Publicly-listed aircraft lessor Avation has issued a statement to clarify that it currently has no active litigation against lessees, because it has received sufficient commitments from airlines.

“The company wishes to clarify that, notwithstanding recent stories in the press, all the company’s leases remain in force and ongoing,” except those already announced, Avation says in a statement to the London Stock Exchange.

“During the period of the pandemic, the company entered into a number of agreements with airlines to provide them with financial support. As the pandemic has progressed, some of these earlier lease amendment agreements with airlines were superseded and became obsolete,” says the lessor.

“Where appropriate, the company has taken steps to formally terminate these earlier lease amendment agreements in the context of negotiations with airlines for further COVID-19 financial support.”

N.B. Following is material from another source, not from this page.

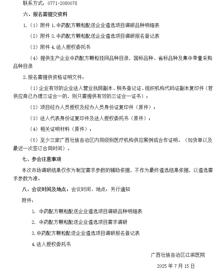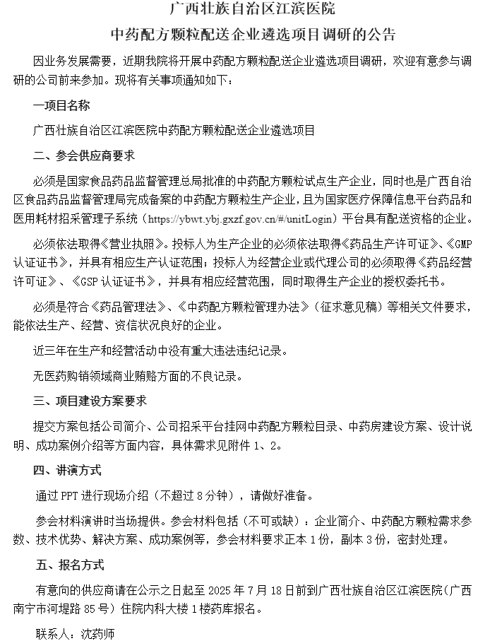 【广西壮族自治区江滨医院】广西壮族自治区江滨医院中药配方颗粒配送企业遴选项目调研的公告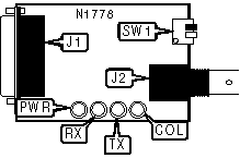 | AUI via DB-15 port | J1 | RG-58A/U 50ohm | J2 |

“Where appropriate, the company does use formal legal proceedings to protect its legal position,” it says.

“However, this has always been in the context of ongoing discussions with airlines in relation to reaching agreement on the settlement of COVID-19 related rental arrears.”

“The company is satisfied that it has, at this stage, received sufficient commitments from its airline customers to suspend further actions in respect to any material claims in active legal proceedings,” it adds.

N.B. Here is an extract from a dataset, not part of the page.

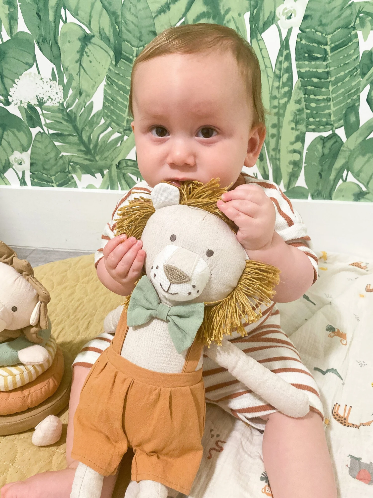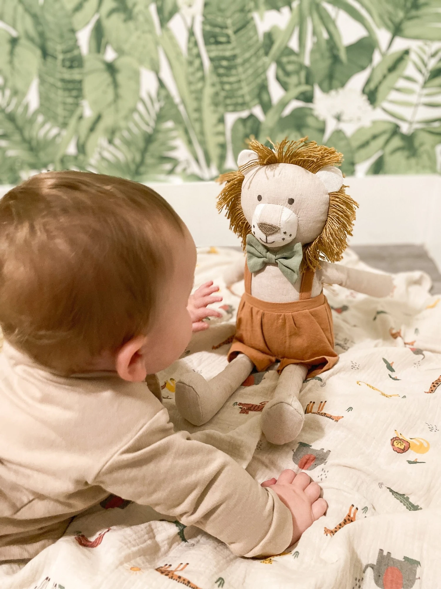 Leopold Lion Doll is ready to roar! Dressed with dapper bow tie and overalls, his charming embroidered face and tassely mane will delight you!

Avation was responding to a report yesterday by legal news site Law360 which said four subsidiaries of London-listed Avation had filed a claim in the High Court of Justice of England and Wales on 1 October, stating that VietJet Aviation owed it 16 months of rent for six Airbus aircraft. VietJet operates A320-family aircraft.

The report, quoting from documents lodged with court, says Avation was demanding full payment of the outstanding amounts, plus interest within 14 calendar days, totaling to $33.6 million.

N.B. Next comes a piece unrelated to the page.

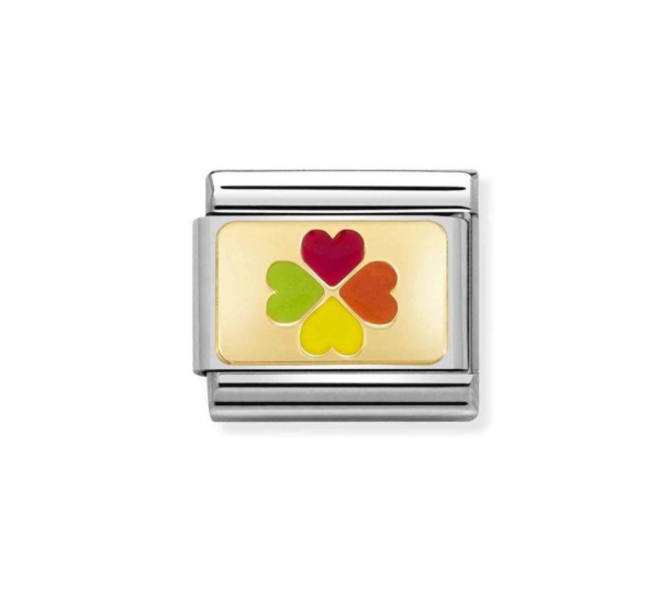 Element do bransoletki komponowanej Nomination Italy. Element wykonany ze stali szlachetej, 18-karatowego złota i wielokolorowej emalii, zdobiony motywem koniczynki. Ten link to prawdopodobnie najbardziej kolorowy sposób, aby przywołać więcej szczęścia!

In an email, in response to a query from Smart Aviation Asia Pacific, Avation executive chairman, Jeff Chatfield, says the lessor has “no material active litigation” against VietJet.

In the lessor’s statement to the exchange, Chatfield is quoted as saying “in the dialogue with our airline customers, we have needed to strike a balance between supporting them and protecting the company’s revenues, which task has not been easy.”

“We believe we have managed this balance appropriately. The company has made substantial progress in leasing or selling the aircraft returned by Virgin Australia,” says Chatfield, referring to an airline that Avation had leased ATR 72s to and which went into voluntary administration last year.

He says: “Philippine Airlines is retaining our Boeing 777-300ER aircraft and is paying rents under the airline’s plan of reorganization.”

“With the remaining agreements in principle reached with our airline customers, the material COVID-19 challenges facing the company have been navigated, enabling the company to begin looking to recovery and growth,” he adds.

Smart Aviation Asia Pacific contacted VietJet earlier today for comment.